Apanage des CHU, la recherche clinique, faite au lit du malade, constitue un des axes stratégiques de la politique de santé. Son financement est assuré par des crédits de l’assurance maladie à hauteur de 900 millions d’euros par an ce qui lui garantit une indépendance et une impartialité enviées par les autres pays. Stimulée par un dispositif d’accompagnement et confortée par l’excellence des équipes hospitalo-universitaires, la recherche biomédicale française se classe tout à fait honorablement : en 3ème position en Europe* et en 6ème position dans le monde.

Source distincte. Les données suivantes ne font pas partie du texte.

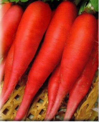 • Корнеплод розово-красный, коническо-цилиндрической формы, длиной 12-15 см, в диаметре 2,5-4 см. Корнеплод слегка приподнят над поверхностью почвы.
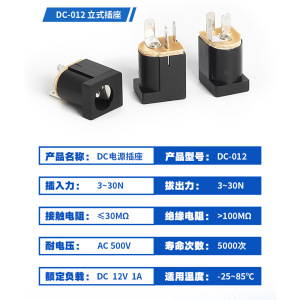 DC-012A DC電源ソケット180度3足耐高温良質DC電源コネクタ母座
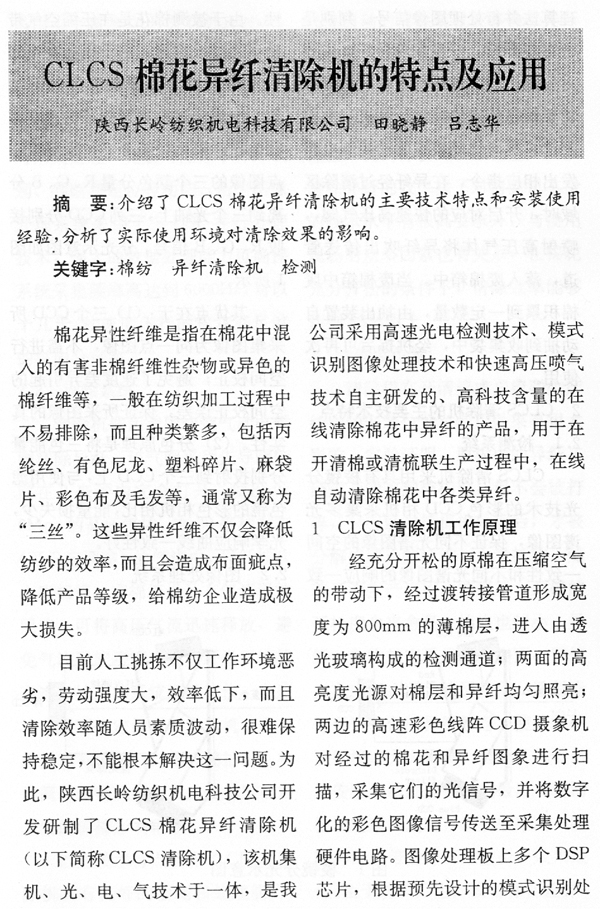CLCS棉花異纖清除機(jī)的特點及應(yīng)用
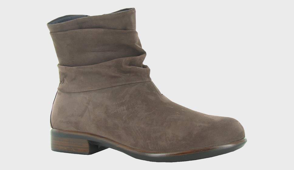 Combining cute folds with smooth, neutral nubuck, the Brisote is a side zipper boot that packs timeless fall fashion. Its look is only enhanced from within by Naot's removable, anatomic cork & latex footbed, which is wrapped in microfiber & leather and molds to the shape of the foot with wear. The Aura Collection features a 1.5" polyurethane sole with a metal shank which is extremely lightweight, durable & abrasive to prevent slipping. This collection uses a hand-sewn Strobel construction making it strong and extremely flexible.
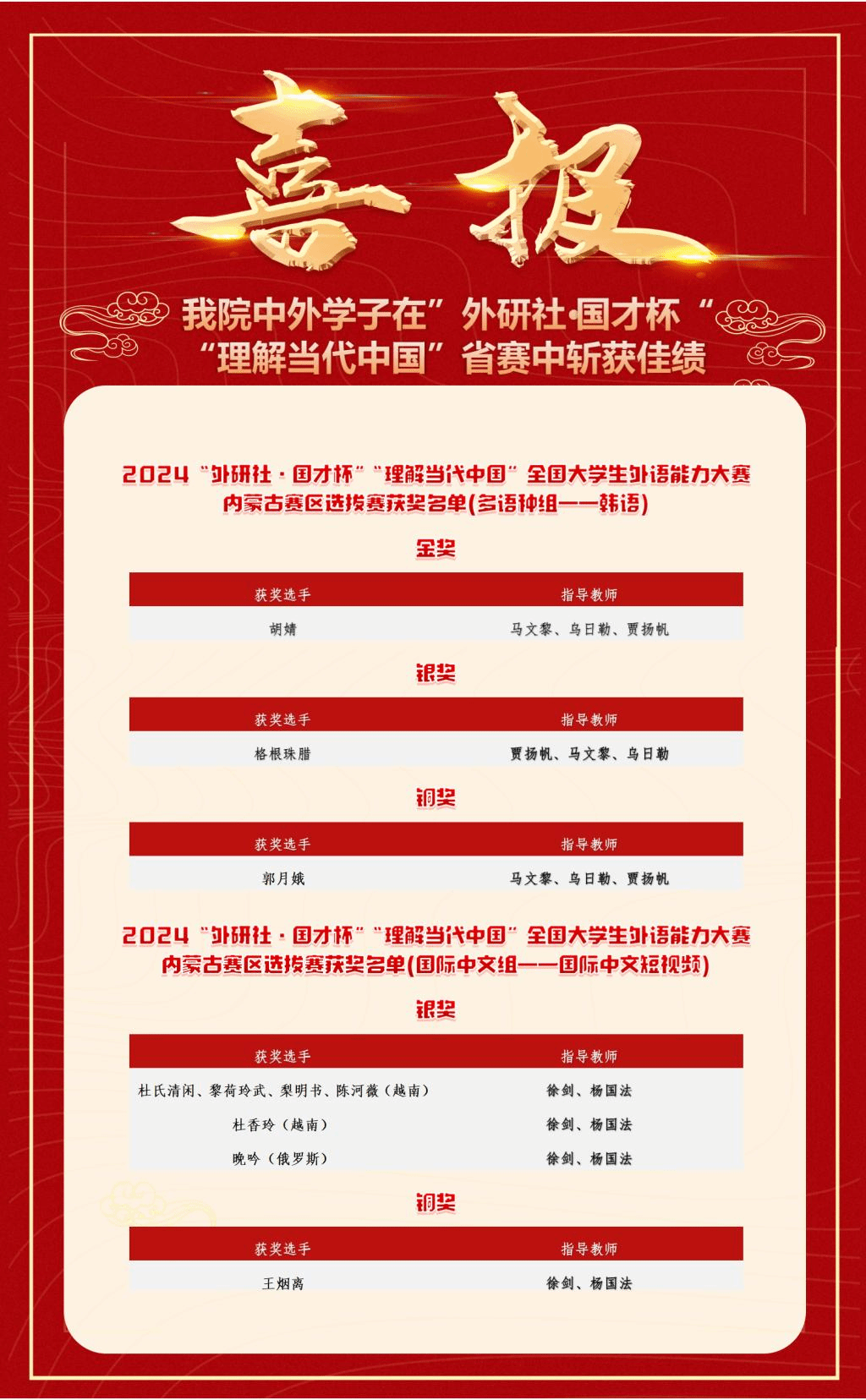 近日,“外研社 国才杯”“理解当代中国”全国大学生外语能力大赛内蒙古赛区选拔赛圆满落幕,太阳集团官网朝鲜语专业学生及来华留学生分别在多语种赛道、国际中文短视频赛道上大放异彩,共斩获一金、四银、两铜,其中朝鲜语专业胡婧同学进入了国赛,为我校赢得了赞誉。
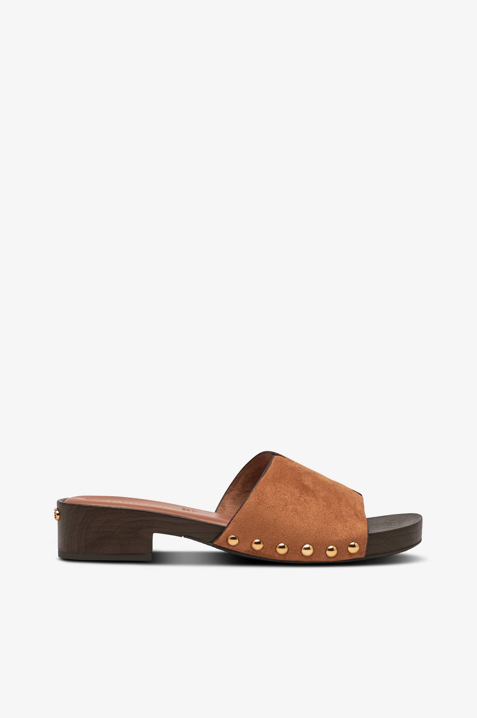 • Leveä hihna mokkanahkasta jalan yläpuolella• Pehmeästi vuorattu, nahkapäällysteinen pohjallinen• Ulkopohja tekokuidusta puinen ulkonäöllä
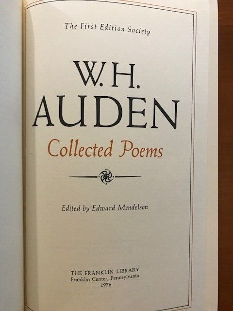 W.H. Auden. Collected Poems. Franklin Center, PA: The Franklin Library/The First Edition Society, 1976. Introduction by Stephen Spender. Handsomely bound in full leather with gilt decoration. A.e.g. Book is in better than very good condition.
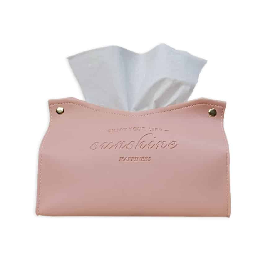 بوكس مناديل جلد فاخر – حفر ليزر – لون بينك

Cette exception française a d’ailleurs été saluée dans un récent article du Lancet signé par les Pr Volker Wenzel et Karl H. Lindner qui reconnaissent qu’en France, « le programme de soutien du gouvernement est un modèle qui permet le développement d’une importante recherche médicale non commerciale. »**. Les financements publics sont notifiés dans le cadre des missions d’enseignement, de recherche, de recours et d’innovations (MERRI) qui relèvent des missions d’intérêt général des établissements. Au sein de la direction de l’hospitalisation et de l’organisation des soins (DHOS), il existe un service chargé de l’observation, de la prospective et de la recherche clinique (OPRC). A sa tête, le Dr Jean-Pierre Duffet assure le recensement, la gestion, le suivi et l’appui des programmes hospitaliers de recherche clinique (PHRC) et des programmes de Soutien aux Techniques Innovantes Coûteuses (STIC). Le Dr Jean-Pierre Duffet a accepté de répondre aux questions de RESEAU CHU.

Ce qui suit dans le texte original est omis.